[Start of section]

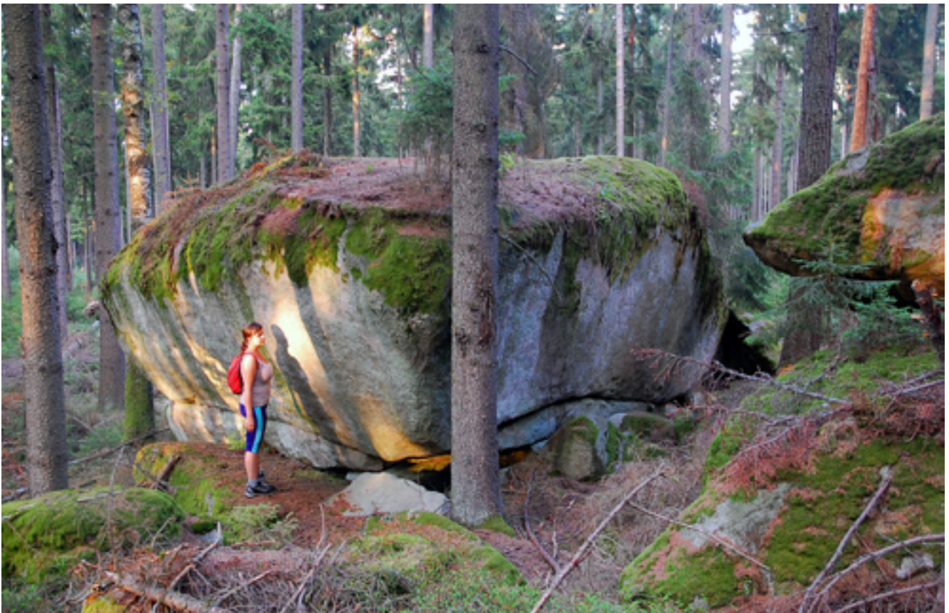
Fig. 15. Teufelsstein is a huge granite monolith • Teufelsstein to wielki monolit granitowy
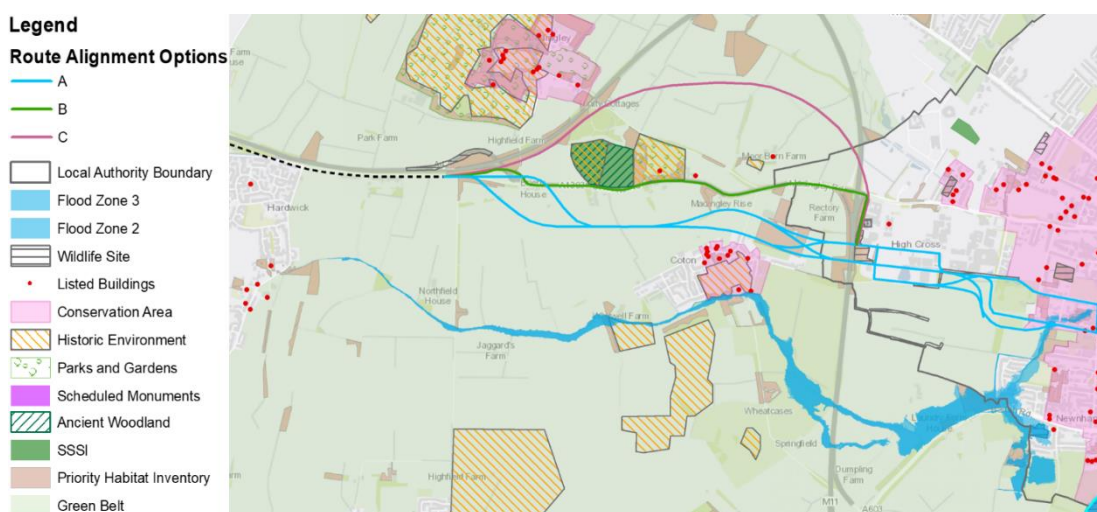
Figure 1 - Options for A428 alignment

It was concluded that the currently proposed corridor (Option A) was the most attractive in terms of programme, planning and environmental constraints, as well as journey time, subject to addressing the areas of concern set out above.
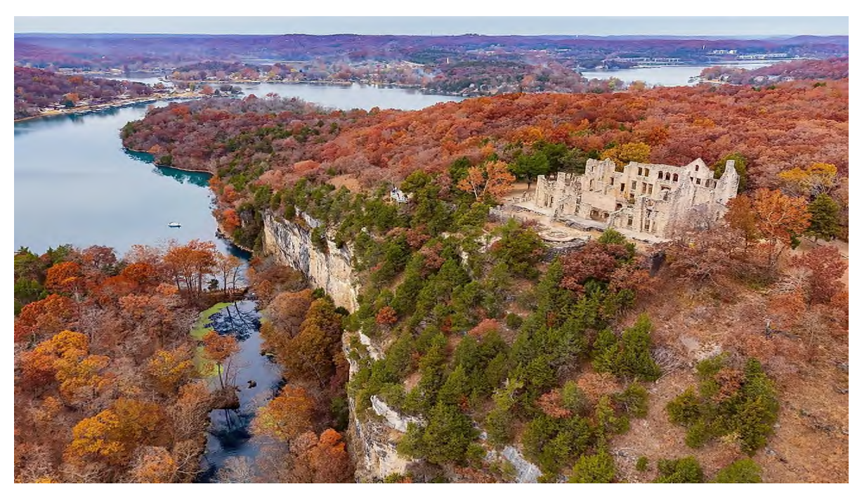
Aerial view of Ha Ha Tonka park

There are many places in the Missouri Ozarks noted for beauty, intrigue, romance and history but to have it all in one place is pure magic! At Ha Ha Tonka State Park the natural wonders and curiosities are blended with cultural artifacts in a most unique way. People who discover this gem of springs, sinkholes, natural bridges, caves, cliffs, woodlands, glades, savannas, hills, hollows, lakes, trails, boardwalks, outlaw history and the ruins of a spectacular castle and carriage house usually return again and again.
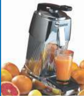
AUTOMATIC CITRUS JUICER
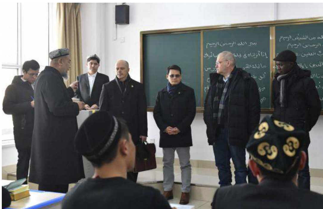
Senior diplomats from foreign countries visit an Islamic institute in Urumqi, Xinjiang Uygur autonomous region, on Feb 16, 2019. They represent their countries in the United Nations office in Geneva, Switzerland.

“Calls have grown in the West to pressure President Xi Jinping’s government to stop the alleged human-rights abuses against the Uighurs. U.S. politicians have proposed freezing the travel and assets of top Chinese officials including Xinjiang Communist Party chief Chen Quanguo. But it has so far escaped serious criticism from officials in the Islamic world, leading U.S. Secretary Mike Pompeo to blast Iran’s Supreme Leader Ayatollah Ali Khamenei for not speaking out.”
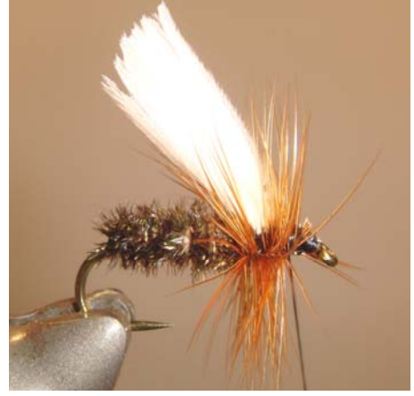
9. Wind the head hackle 2-3 turns behind the wing pair and 2-3 turns in front of the wings
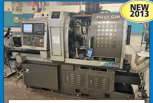
Poly Gim Diamond 42CSL CNC Swiss Lathe
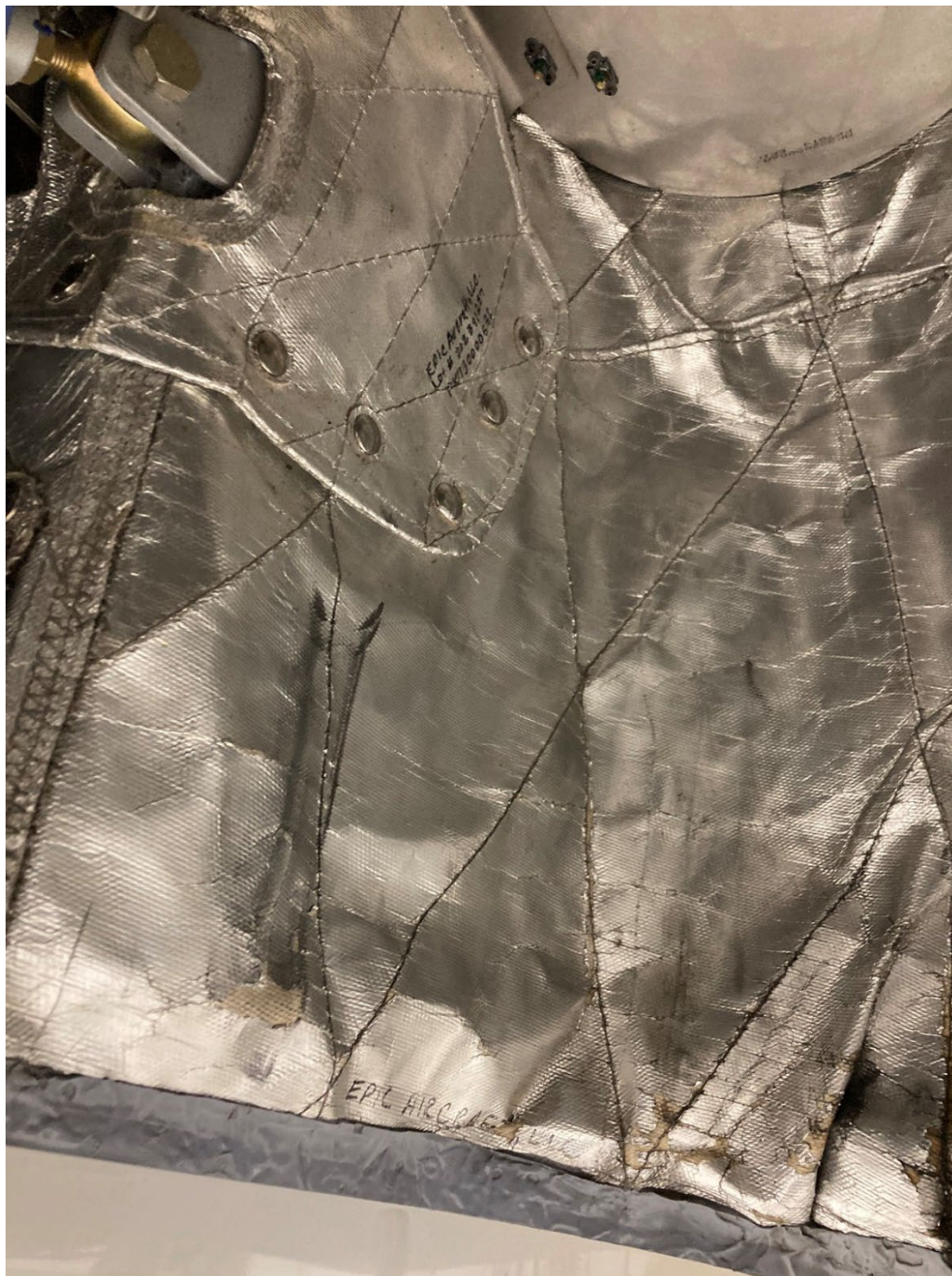
Figure 4: Firewall Blanket Inspection – View Right Side
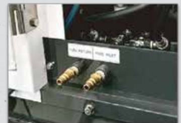
8 | External Fuel Tank Connections with 3-Way Selection Valve

*This is a digital rendering and does not reflect EXACT unit. Final look and features subject to change.
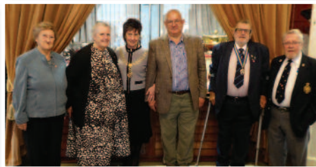
Polish Paratroopers Remembered - Page 5
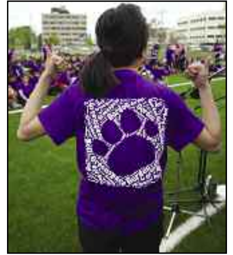
Ecstatic students gave their new Greenspace facility a resounding thumbs up.
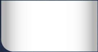
Platinum White Pearl
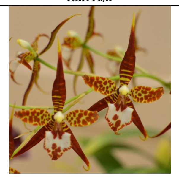
Rhynchostele cordata Neal Winslow
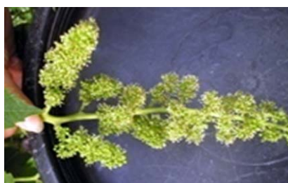
Figure 4: Flowering of grape-vine in cv King's Ruby .

Flower is shown as a composed cluster. The number of flowers in a cluster is relatively large and goes over 300. Flower is closed, in a pellet form with green color in yellow. In general, it is functional female. The flowers are female and male organs, with a healthy pistil and craze. Number of flowers grown from the bud of branches pruned from a grapevine results 1.43 flowers per sprout. It has an average coefficient of absolute production (1:43). Length of the first flower is (18:25 cm) with medium length. Connection of flowers is 73.8% (Figure 4).
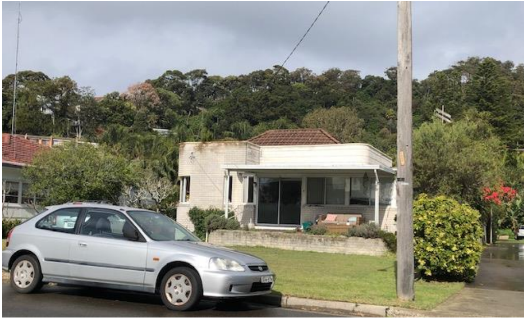
View of Subject Site from Mactier Street

The existing surrounding development comprises a mix of one and two storey detached residential dwellings on generally similar sized allotments to the subject site, interspersed with some three storey residential flat buildings. More recent development comprises larger two storey dwellings of modern appearance.
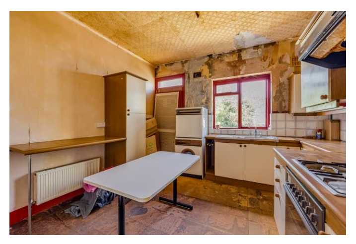
Kitchen 13'5" x 12'6" (4.1m x 3.8m)
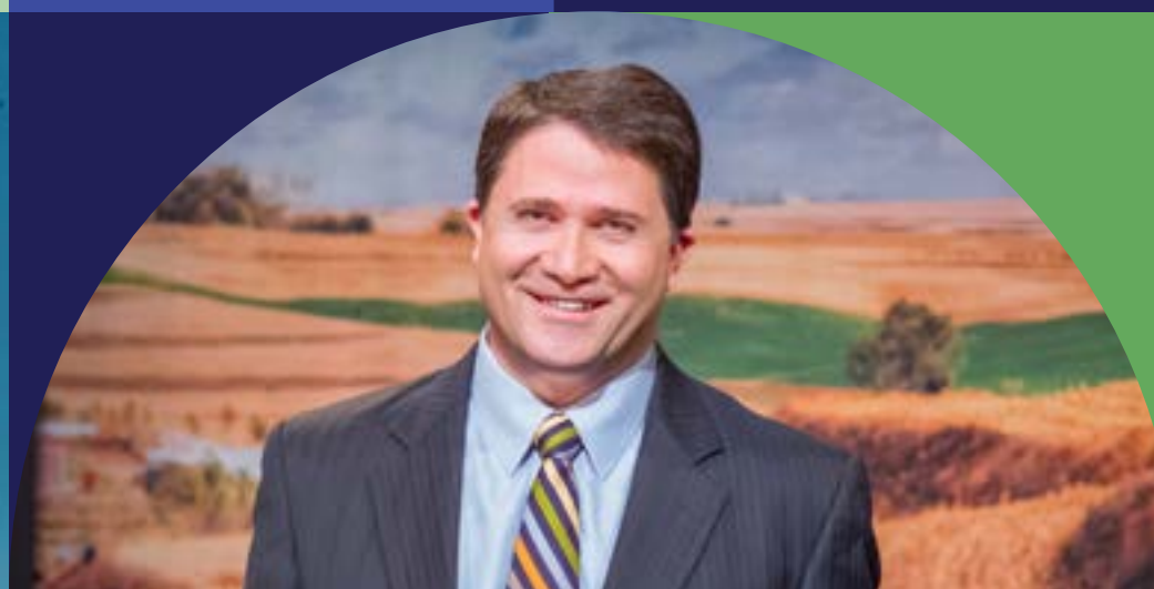
Market to Market

[End of section]

What you set down should be exactly the lines from the line containing "Poly Gim Diamond 42CSL CNC Swiss Lathe" to the last line of the entries above, both included, with no pictures.

Poly Gim Diamond 42CSL CNC Swiss Lathe
Figure 4: Firewall Blanket Inspection – View Right Side
8 | External Fuel Tank Connections with 3-Way Selection Valve

*This is a digital rendering and does not reflect EXACT unit. Final look and features subject to change.
Polish Paratroopers Remembered - Page 5
Ecstatic students gave their new Greenspace facility a resounding thumbs up.
Platinum White Pearl
Rhynchostele cordata Neal Winslow
Figure 4: Flowering of grape-vine in cv King's Ruby .

Flower is shown as a composed cluster. The number of flowers in a cluster is relatively large and goes over 300. Flower is closed, in a pellet form with green color in yellow. In general, it is functional female. The flowers are female and male organs, with a healthy pistil and craze. Number of flowers grown from the bud of branches pruned from a grapevine results 1.43 flowers per sprout. It has an average coefficient of absolute production (1:43). Length of the first flower is (18:25 cm) with medium length. Connection of flowers is 73.8% (Figure 4).
View of Subject Site from Mactier Street

The existing surrounding development comprises a mix of one and two storey detached residential dwellings on generally similar sized allotments to the subject site, interspersed with some three storey residential flat buildings. More recent development comprises larger two storey dwellings of modern appearance.
Kitchen 13'5" x 12'6" (4.1m x 3.8m)
Market to Market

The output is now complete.